Daher hat diese Debatte, auch wenn sie jetzt durch den wenig demokratischen Schnellschuss des Gesetzgebers abgewürgt wird, doch eines sehr deutlich gezeigt: Unsere Debattenkultur ist säkularisiert, und sie ist erwachsen geworden. Es mag sein, dass die Unterlassung der religiösen Argumente aus strategischen Gründen erfolgt, dass tatsächlich insgeheim immer noch an Himmel und Hölle geglaubt wird. Aber dass diese strategischen Gründe überhaupt bestehen, ist ja mein ganzer Punkt! Der Hinweis auf das Seelenheil als wichtiger Aspekt des Kindeswohls wirkt bizarr und deplatziert, sogar in einer Kirche in Erlangen.
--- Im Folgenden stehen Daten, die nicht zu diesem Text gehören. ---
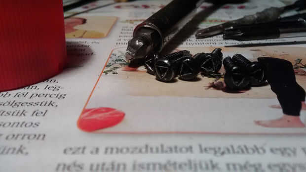 Para desunir los tornillos se necesita una herramienta especial para desatornillar los 6 tornillos que hice de cabeza phillips, pulido por sus bordes con mi Dremel hasta que conseguí una herramienta agradable forma triangular que encaja en las cabezas de los tornillos especiales desagradables.
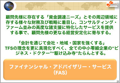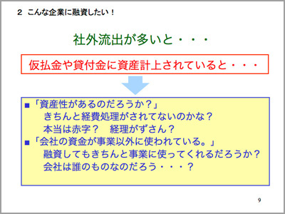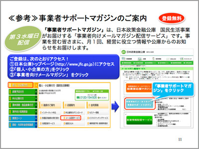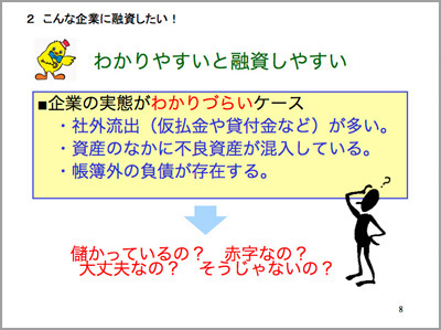 ■こんな企業に融資したい! @金融機関が融資したい企業 Aわかりやすいと融資しやすい B仮払金や貸付金が計上されていると・・・とても不安に C経営者に期待するもの 私どもTFSは、決算の都度、決算診断書を作成して関与先様にご説明することを標準業務としています。時に、経営者のみならず、株主総会、取締役会、経営会議、営業会議等で説明を・・・とのご要請もあります。 最後に、日本政策金融公庫が月1回発行する「事業者サポートマガジン」のご案内もありました。どうぞこの機会に、登録してみてください。
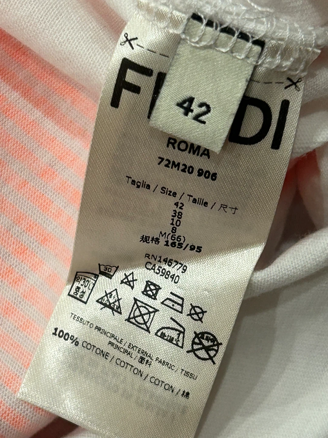 Selling a Fendi Roma T-shirt in excellent condition! The tee is white with a bold orange Fendi logo design. It's made in Italy from 100% cotton and is a size M (Taglia/Size 42). A stylish addition to any wardrobe!

Interessanterweise entdecken auch die Gläubigen in dieser Debatte die Vorzüge der säkularen Prinzipien. Denn auch der monotheistische Schulterschluss ist nur um den Preis zu haben, dass die religiösen Inhalte zurückgehalten werden. Der Streit um das Beschneidungsritual war einmal ein erbitterter religiöser Streit, inzwischen müssen die alten Streithähne koalieren, um gegen einen mächtigeren Feind zu kämpfen. Christen, Juden und Muslime müssen von ihren Inhalten abstrahieren, um diese gemeinsame Front überhaupt bilden zu können, die jetzt offenbar so erfolgreich war.

Aber dieser Sieg der monotheistischen Phalanx gegenüber dem säkularen Rechtsstaat ist ein Pyrrhussieg. Denn er offenbart die Erosion des religiösen Diskurses. Der Trend zeigt eindeutig in Richtung Säkularisierung. Und auf lange Sicht hat ein Ritual, das insbesondere den Müttern ein solch großes Opfer abverlangt, nämlich die medizinisch völlig unnötige Verletzung des eigenen Kindes, keine Chance ohne Unterfütterung durch eine sehr ernst genommene Religion.